For example, such a configuration may be implemented at least in
part as a hard-wired circuit, as a circuit configuration fabricated
into an application-specific integrated circuit, or as a firmware
program loaded into non-volatile storage or a software program
loaded from or into a data storage medium as machine-readable code,
such code being instructions executable by an array of logic
elements such as a general purpose processor or other digital
signal processing unit. A general purpose processor may be a
microprocessor, but in the alternative, the processor may be any
conventional processor, controller, microcontroller, or state
machine. A processor may also be implemented as a combination of
computing devices, e.g., a combination of a DSP and a
microprocessor, a plurality of microprocessors, one or more
microprocessors in conjunction with a DSP core, or any other such
configuration. A software module may reside in a non-transitory
storage medium such as RAM (random-access memory), ROM (read-only
memory), nonvolatile RAM (NVRAM) such as flash RAM, erasable
programmable ROM (EPROM), electrically erasable programmable ROM
(EEPROM), registers, hard disk, a removable disk, or a CD-ROM; or
in any other form of storage medium known in the art. An
illustrative storage medium is coupled to the processor such the
processor can read information from, and write information to, the
storage medium. In the alternative, the storage medium may be
integral to the processor. The processor and the storage medium may
reside in an ASIC. The ASIC may reside in a user terminal. In the
alternative, the processor and the storage medium may reside as
discrete components in a user terminal.
[0271] It is noted that the various methods disclosed herein (e.g.,
methods M100 and M300, and the other methods disclosed with
reference to operation of the various apparatus and devices
described herein) may be performed by an array of logic elements
such as a processor, and that the various elements of an apparatus
as described herein may be implemented in part as modules designed
to execute on such an array. As used herein, the term "module" or
"sub-module" can refer to any method, apparatus, device, unit or
computer-readable data storage medium that includes computer
instructions (e.g., logical expressions) in software, hardware or
firmware form. It is to be understood that multiple modules or
systems can be combined into one module or system and one module or
system can be separated into multiple modules or systems to perform
the same functions. When implemented in software or other
computer-executable instructions, the elements of a process are
essentially the code segments to perform the related tasks, such as
with routines, programs, objects, components, data structures, and
the like. The term "software" should be understood to include
source code, assembly language code, machine code, binary code,
firmware, macrocode, microcode, any one or more sets or sequences
of instructions executable by an array of logic elements, and any
combination of such examples. The program or code segments can be
stored in a processor-readable storage medium or transmitted by a
computer data signal embodied in a carrier wave over a transmission
medium or communication link.
[0272] The implementations of methods, schemes, and techniques
disclosed herein may also be tangibly embodied (for example, in
tangible, computer-readable features of one or more
computer-readable storage media as listed herein) as one or more
sets of instructions executable by a machine including an array of
logic elements (e.g., a processor, microprocessor, microcontroller,
or other finite state machine). The term "computer-readable medium"

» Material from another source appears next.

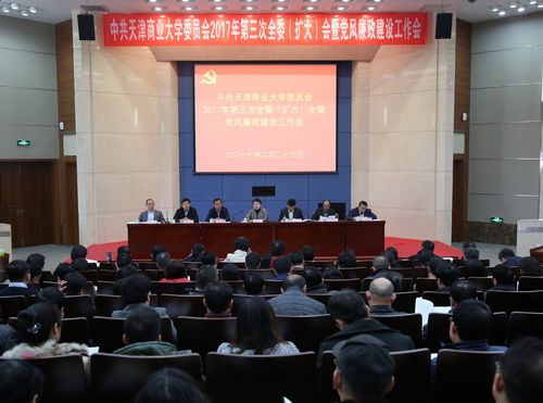 本网讯 2月23日,中共冰球突破委员会2017 年第三次全委(扩大)会议暨党风廉政建设工作会议在图书馆国际学术报告厅召开。校党委书记史习红强调,各级领导干部要继续保持良好的精神状态,不忘初心,铆足干劲,大力弘扬“团结拼搏、勇于奉献、百折不挠、敢于担当”的天商精神,团结带领广大师生员工接续奋斗,奋力推进全面从严治党和学校事业发展“十三五”规划,以更加优异的成绩迎接党的十九大和市第十一次党代会的胜利召开。

may include any medium that can store or transfer information,
including volatile, nonvolatile, removable, and non-removable
storage media. Examples of a computer-readable medium include an
electronic circuit, a semiconductor memory device, a ROM, a flash
memory, an erasable ROM (EROM), a floppy diskette or other magnetic
storage, a CD-ROM/DVD or other optical storage, a hard disk or any
other medium which can be used to store the desired information, a
fiber optic medium, a radio frequency (RF) link, or any other
medium which can be used to carry the desired information and can
be accessed. The computer data signal may include any signal that
can propagate over a transmission medium such as electronic network
channels, optical fibers, air, electromagnetic, RF links, etc. The
code segments may be downloaded via computer networks such as the
Internet or an intranet. In any case, the scope of the present
disclosure should not be construed as limited by such
embodiments.
[0273] Each of the tasks of the methods described herein may be
embodied directly in hardware, in a software module executed by a
processor, or in a combination of the two. In a typical application
of an implementation of a method as disclosed herein, an array of
logic elements (e.g., logic gates) is configured to perform one,
more than one, or even all of the various tasks of the method. One
or more (possibly all) of the tasks may also be implemented as code
(e.g., one or more sets of instructions), embodied in a computer
program product (e.g., one or more data storage media such as
disks, flash or other nonvolatile memory cards, semiconductor
memory chips, etc.), that is readable and/or executable by a
machine (e.g., a computer) including an array of logic elements
(e.g., a processor, microprocessor, microcontroller, or other
finite state machine). The tasks of an implementation of a method
as disclosed herein may also be performed by more than one such
array or machine. In these or other implementations, the tasks may
be performed within a device for wireless communications such as a
cellular telephone or other device having such communications
capability. Such a device may be configured to communicate with
circuit-switched and/or packet-switched networks (e.g., using one
or more protocols such as VoIP). For example, such a device may
include RF circuitry configured to receive and/or transmit encoded
frames.
[0274] It is expressly disclosed that the various methods disclosed
herein may be performed by a portable communications device such as
a handset, headset, or portable digital assistant (PDA), and that
the various apparatus described herein may be included within such
a device. A typical real-time (e.g., online) application is a
telephone conversation conducted using such a mobile device.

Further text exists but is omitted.